Nos últimos dias, porém, a crise internacional teve uma nova deterioração, com o corte de financiamento para "hedge funds". Esse novo agravamento fez com que o aperto de liquidez atingisse com mais força bancos médios. Como resposta a esse problema, que é novo, foi anunciada uma nova rodada de liberação de compulsórios.
A autoridade monetária identificou outro foco potencial de instabilidade em segmentos da indústria de fundos de investimentos. Alguns fundos estão enfrentando problemas para atender aos pedidos de saques de clientes. É um fato ainda localizado, mas com potencial de criar ainda mais desconfiança.
Esses fundos, explica a fonte do BC, compraram títulos pouco liquidos emitidos por empresas privadas e prometiam aos investidores a possibilidade de fazer saques diários das quotas. A crise dos últimos dias reduziu ainda mais a já restrita liquidez no mercado de títulos privados, deixando alguns fundos, dirigidos a grandes investidores, com dificuldades para atender aos pedidos de saques. Como a maior parte dos fundos de investimentos é atrelada a conglomerados bancários, o BC quis evitar que o fechamento de um fundo provocasse desconfiança em relação ao banco do conglomerado, potencializando a crise atual.
É por isso que, entre as medidas anunciadas ontem, está a permissão para que bancos saquem recursos dos compulsórios para comprar títulos da carteira de fundos de investimento.
Há algumas semanas, o BC já havia permitido que os bancos sacassem recursos dos compulsórios para comprar carteiras de crédito. Ontem, foram ampliados os limites dessa regra. Os bancos, antes, podiam usar até 40% de seus compulsórios sobre depósitos a prazo para comprar carteiras; agora, podem usar até 70%. O BC também permitiu que bancos de maior porte vendam suas carteiras. Inicialmente a regra estava restrita a bancos com patrimônio de referência de R$ 2,5 bilhões; agora, o limite é de R$ 7 bilhões. A liberação potencial de recursos da medida é de R$ 6 bilhões, que se somam aos R$ 23,5 bilhões anteriormente.
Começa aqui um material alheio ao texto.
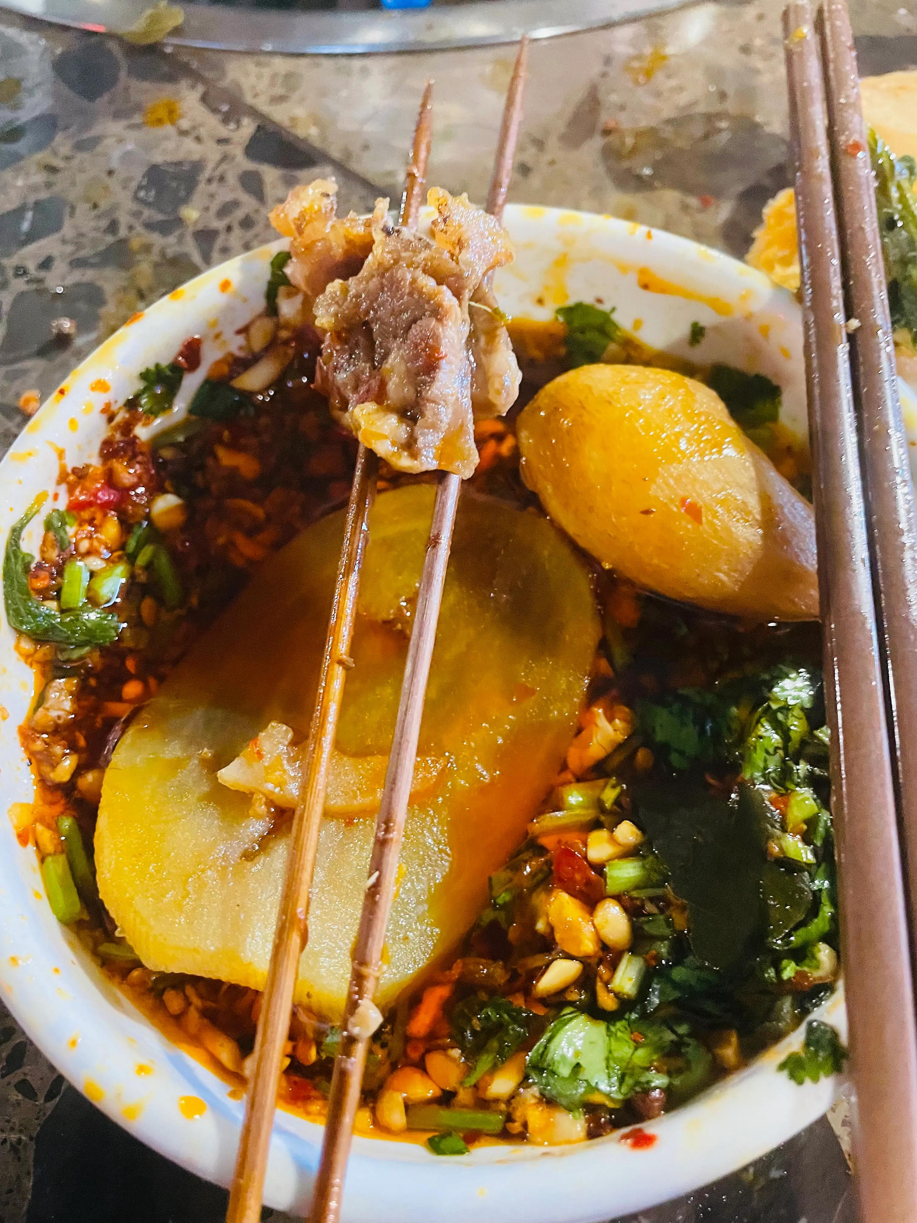 豆腐脑大约有十来种小菜及配料,相对而言老家的更显“寡淡”,但价格更加实惠;老家也流行吃钵钵鸡,更是藤椒味钵钵鸡的起源地,这里不作对比,各有特色。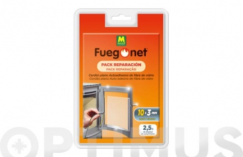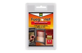 El cordón plano autoadhesivo fuegonet de massó es una cintade fibra de vidrio de 10mm de anchura, 3mm de groso y 2,5m de longitud.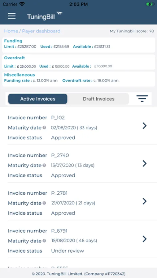 TuningBill is a digital banking solution that enables cost-effective ways to acquire and serve small importers and exporters. TuningBill helps the importers and exporters get easy access to working capital, competitive FX rates and multi-currency accounts to manage their future cashflow; all this at a fraction of the costs compared to what they usually pay to traditional banks. if you have any query, please contact us at info@tuningbill.com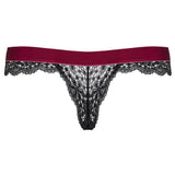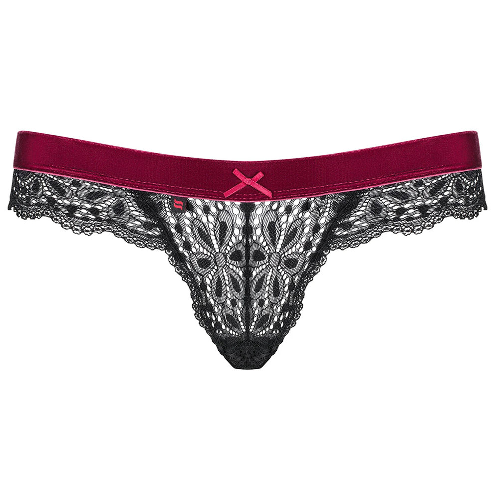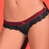 A Daring, Elegant Design: The thong is made from soft, stretchy black lace, providing an intricate and sensual texture. This is beautifully contrasted by a velvety, burgundy-colored waistband that adds a touch of luxurious detail and a pop of color.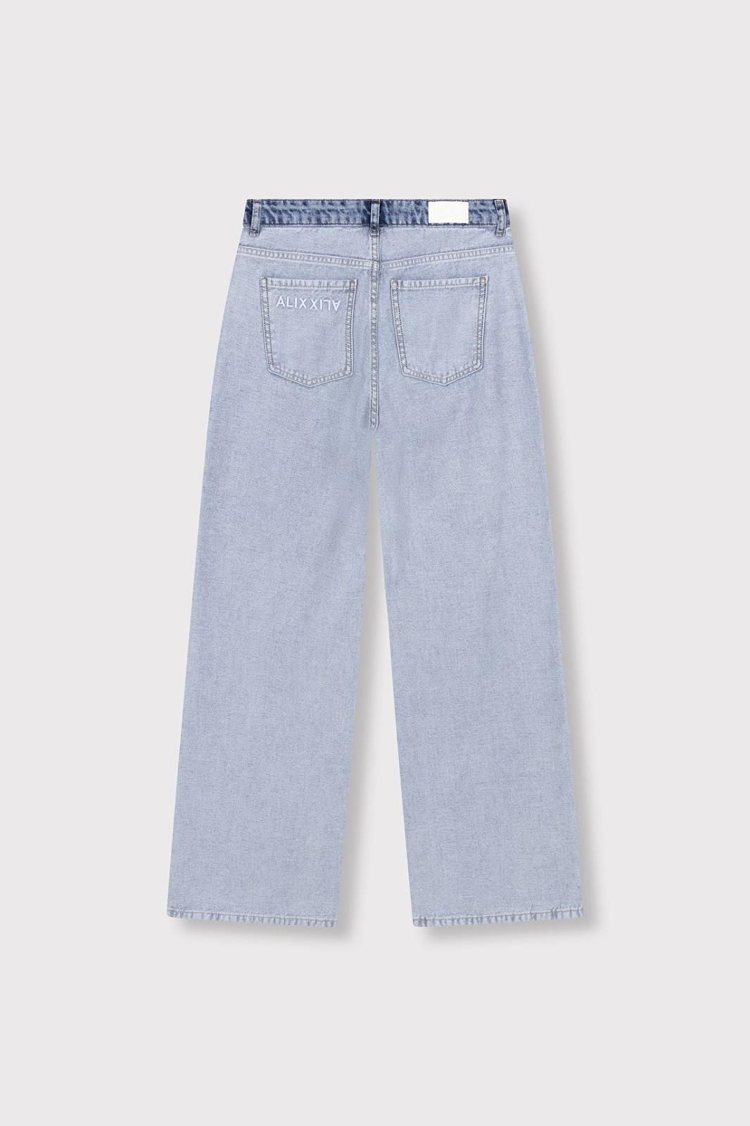 Avec une broderie « ALIX » en miroir sur la poche arrière et un motif « LX » à la ceinture

O BC ampliou ainda o tipo de ativo que pode ser comprado nessas operações. Inicialmente, a permissão era para carteiras de crédito. Agora, foram incluídos os títulos privados detidos por fundos, quotas de fundos de investimentos em direitos creditórios e operações de leasing. Também foi permitido que bancos comprem cotas de fundos de investimentos criados pelo Fundo Garantidor de Créditos (FGC). A idéia é que o FGC crie fundos de investimentos comprando créditos de bancos que estejam sem liquidez.
O BC incluiu nas medidas anunciadas ontem um incentivo a mais para os bancos que entrarem nos leilões de linhas de recursos externos. Duas semanas atrás, o BC anunciou que iria fazer operações de empréstimo em dólares, como forma de lidar a redução das linhas internacionais de empréstimos anos bancos. A novidade é que quem fizer esse tipo de operação irá ter liberação de compulsórios captações por meio de empresas de leasing. A medida poderá liberar até R$ 18,9 bilhões em compulsórios.
Ontem, O BC também definiu o custo das linhas de redesconto criadas recentemente por medida provisória. A idéia é que a compra e venda de carteiras de crédito entre agentes privados resolva o problema de liquidez. Mas, se os problemas não forem resolvidos pelo mercado, o BC poderá fazer empréstimos de redesconto garantidos por carteiras de crédito. Ficou definido ontem que, nessas operações, os juros cobrados serão equivalentes à taxa Selic mais 4% ao ano. Hoje, na linha tradicional de redesconto, é cobrada uma taxa de Selic mais 2% para operações a partir de 90 dias. Ficou estabelecido também que quem acessar o redesconto terá a liberação temporária de compulsórios, até que a operação se concretize.